November 21, 2010

Holiday shopper's key tool: cellphone

Jason Alden/Bloomberg Budget-conscious shoppers are expected to turn to smartphone apps to research products and compare prices.

Shoppers this season will be dividing their attention between the physical merchandise at stores and the virtual goods on the screen of their cellphone.

Smartphones and tablet computers with GPS tracking and Internet access are expected to emerge this holiday season not only as top gifts but also as indispensable shopping tools.

A burgeoning number of Droids, iPhones, BlackBerrys and other devices will be pressed into service this season to make shopping easier, more efficient and more economical.

A National Retail Federation survey found that more than 1 in 4 of the estimated 60 million to 70 million smartphone users in the United States planned to use them to shop this holiday season.

Among 18- to 29-year-olds, the number increases dramatically, to about half.

The effects on the shopping experience could be enormous as the number of smartphone and tablet-computer users grows.

Deal-conscious consumers who are rapidly warming to online shopping can use their phones and iPads to locate merchandise, get directions to stores, research products and compare prices, all while on the go.

- No more buying a product and then finding out it was cheaper down the street. Shoppers can scan the bar code with their smartphones to check the price of the item at stores all over town.

- Forget about buying an expensive toy and having it ignored by a picky child on Christmas morning. Shoppers can use their phones to check reviews by other consumers to determine whether a gift will be a hit or a dud.

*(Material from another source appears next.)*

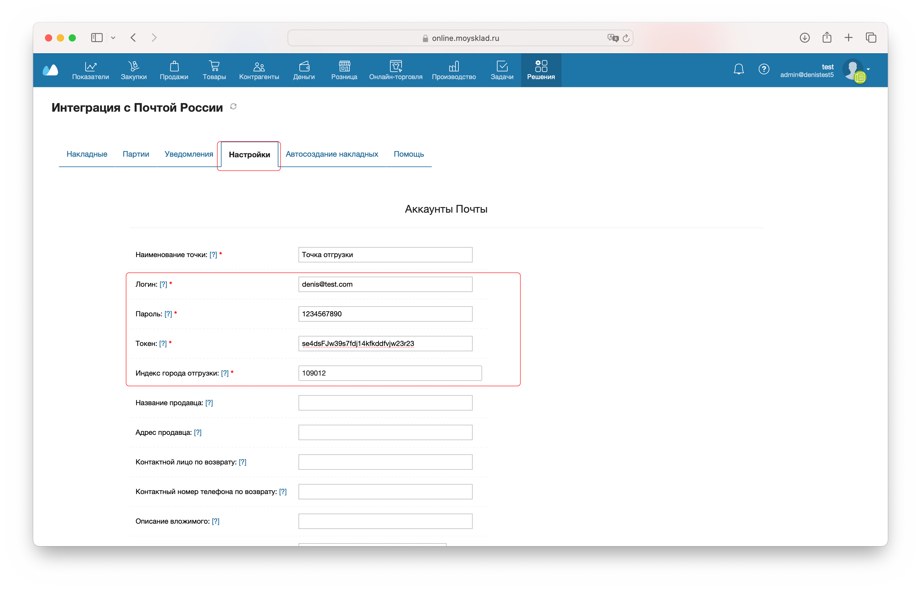На открывшейся странице раздела "Настройки" укажите данные учетной записи otpravka.pochta.ru

Steve Valdez of Phoenix got a smartphone last Christmas and regularly uses it to research and locate products and to compare prices. Recently, he found a turkey fryer he'd been looking for on sale at Bass Pro Shops.

The new devices are a game-changing technology for retailers, which have been given a new vehicle to inexpensively engage and communicate with customers.

- If an item is moving slowly, retailers can mark it down and blast the sale information instantly to customers' cellphones.

- If a new shipment of a high-demand, previously out-of-stock product comes in, retailers quickly can notify customers of its availability.

"Its all about reaching customers where they are," said Bob Friedland, a spokesman for Toys "R" Us.

A Toys "R" Us iPad application allows youngsters to deposit information about products in the company's toy catalog into a wish-list drop box.

"By reaching out to consumers via mobile applications, digital marketing and social networks, retailers may be able to enhance brand awareness and build traffic and sales this holiday season," said Alison Paul, vice chairman and head of the U.S. retail practice for the accounting firm Deloitte.

Smartphone and iPad users are growing rapidly and the technology is evolving. More shopping applications and new technologies are on the way.

"I constantly shop with my phone," Brian Sherman of Ahwatukee Foothills said on his way into the Nordstrom Last Chance store in Phoenix. He uses the bar-code scanner on his Android phone to compare prices and gets alerts from retailers when the price drops on a product he's interested in.

Sarah Ingham of Phoenix recently used her Android phone to visit two of her favorite stores: the Shop at Cooper-Hewitt, National Design Museum and the MoMA Store at the Museum of Modern Art, both in New York.

"They have some incredible things," she said.

She browsed to get Christmas ideas and added a couple of items to her Christmas wish lists on file at the stores.

Smartphones are at the top of many people's lists this holiday, with the number in use expected to explode to 140 million users in the United States by the end of 2011, according to the consumer-research firm Nielsen Co.

Such potential has software engineers scrambling to develop new applications, or apps, to help retailers reach and sell to their customers and help consumers navigate the increasing number of online retailers, products and deals.

Outdoor outfitter the North Face is testing a smartphone application that notifies a store when customers come in range so it can reach out and draw them in with offers and deals.

Simon Buckingham, CEO of Appitalism, a clearinghouse for smartphone apps, estimates there are more than 25,000 programs related to shopping and retail.

This year, they include a growing number of applications related to Black Friday, such as TGI Black Friday and Black Friday Survival Guide.

Most major retailers now offer free smartphone applications that allow consumers to connect to their websites with the touch of a button. On the sites, consumers can find the nearest store, check hours, peruse recent ads and fliers, chat on Facebook and Twitter pages, order products and pay for purchases.

For example, Target customers can download coupons to their smartphones that can be scanned at checkout. They also can use their phones to scan products' quick-response codes in the company's Christmas catalog to access more information and make a purchase.

"Target is making it easier than ever to shop, thanks to our innovations with mobile devices," spokeswoman Sarah Bakken said.

Smartphones with Internet access and built-in shopping applications are expected to give a big boost to online shopping in particular, a realm already rapidly gaining acceptance with consumers.

Analysts are predicting a 15 percent jump in online holiday shopping this season as value-conscious consumers turn to the Internet to make sure they are getting the best product at the best price.

Often, they find that online prices can be lower than at brick-and-mortar stores, particularly if the shipping is free. If the best price is at an online store with free shipping, shoppers can use their phones to order and pay for the item.